Virtually every tribute to the late Sean Connery led with his signature role as the original James Bond, and rightfully so. But for many a movie fan and for Chicagoans in particular, when we think of Sean Connery, we think of the savvy and world-weary Irish cop Jimmy Malone in the “The Untouchables,” telling Kevin Costner’s Eliot Ness how to get Al Capone. As Malone and Ness kneel side by side at Our Lady of Sorrows Basilica in East Garfield Park, Malone asks Ness, “What are you prepared to do?”

“Everything within the law,” comes the reply.

“And THEN what are you prepared to do?...You want to get Capone, here’s how you get him. He pulls a knife, you pull a gun. He sends one of yours to the hospital, you send one of his to the morgue. THAT’S the Chicago way, and that’s how you get Capone.”

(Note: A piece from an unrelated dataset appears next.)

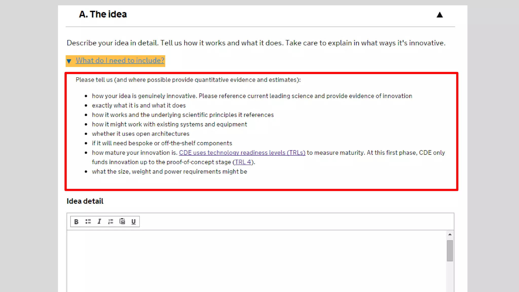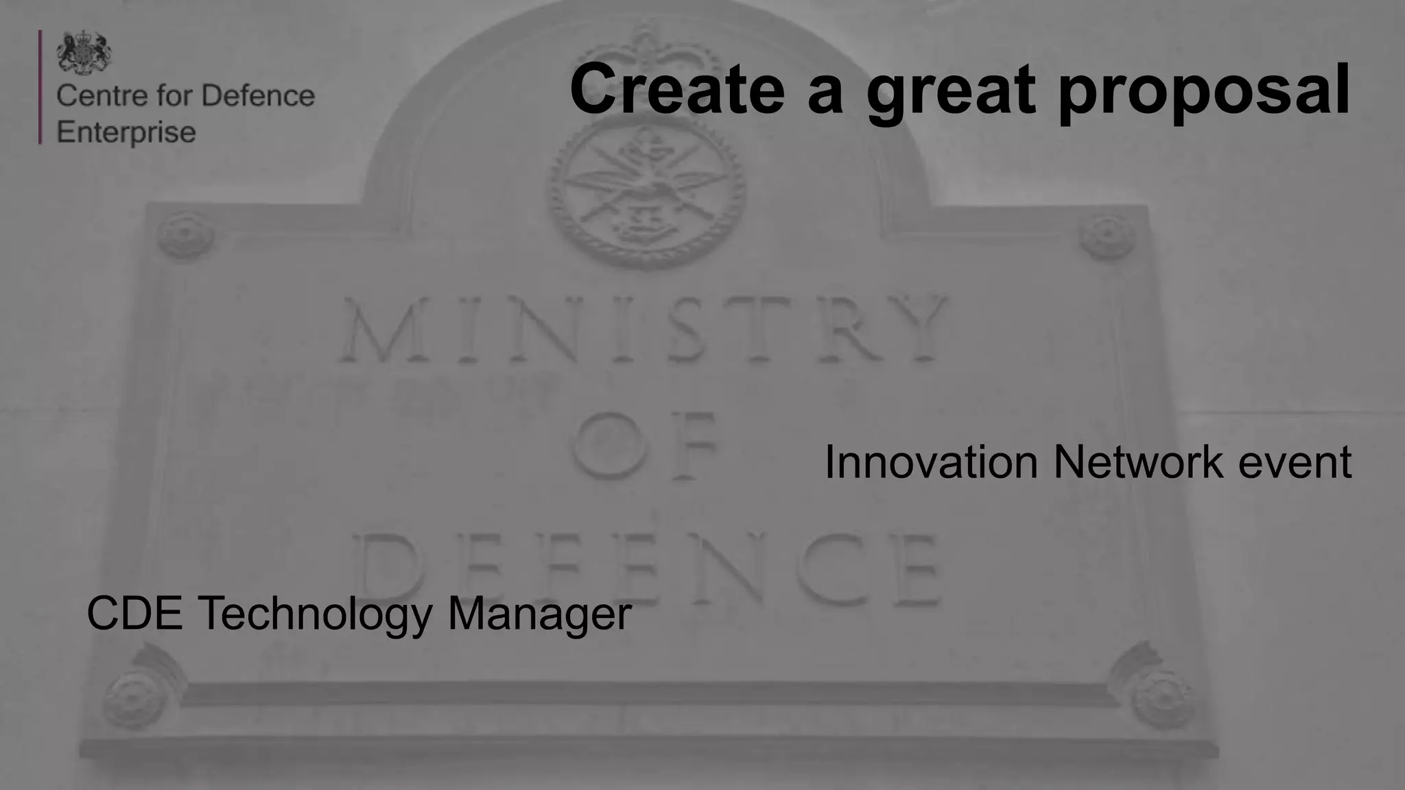 The document provides guidance on creating a proposal for an Innovation Network event hosted by the CDE Technology Manager. It instructs applicants to include details about their innovative idea, its relevance to defense and security, a work plan, and plans for exploitation. Proposals will be assessed on their potential impact, likelihood of exploitation, advancement of science/technology, innovation/quality, and technical challenge. The document ends with reminders and an offer to answer any questions.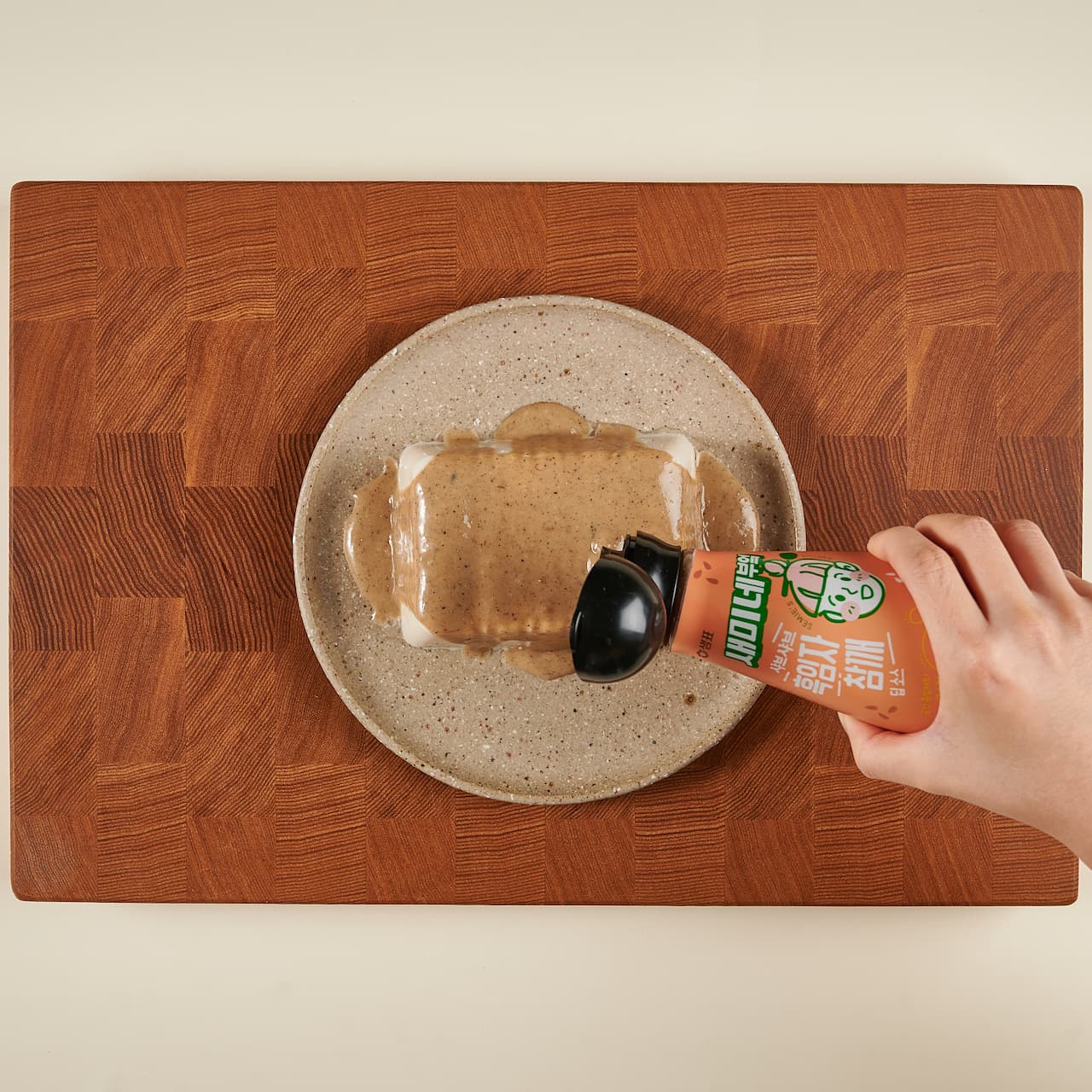 연두부 위에 새미네부엌 흑임자 참깨 딥소스(4스푼)를 뿌려 주면 완성!

There are certain movie moments where an actor clinches an Oscar, right then and there — and that was one of those moments. Connery had won the Oscar for best supporting performance of 1987 before Jimmy Malone and Eliot Ness left that church.

Brian DePalma directed the highly fictionalized and enormously entertaining “The Untouchables,” but it was David Mamet who gave the film its voice with his brilliant screenplay, and it was Sean Connery who turned Jimmy Malone into one of cinema’s great and lasting characters.

And what a Chicago film it was! DePalma and his production team made great use of the city, from the lower pedestrian deck of the Michigan Avenue Bridge where Ness meets Malone to the canyons of La Salle Street in the Loop to the Blackstone Hotel to the magnificent foyer of the Chicago Theatre standing in as the entrance to the Lexington Hotel. (Jimmy Malone’s apartment has been replaced by University of Illinois-Chicago buildings.)

The Untouchables” featured an outstanding ensemble cast — Robert De Niro, Kevin Costner, Andy Garcia, Charles Martin Smith — and of course Costner was the leading man and hero, but it was Connery as Jimmy Malone that gave the movie heart, that gave it a big-shouldered Chicago personality. He owned every moment he was onscreen.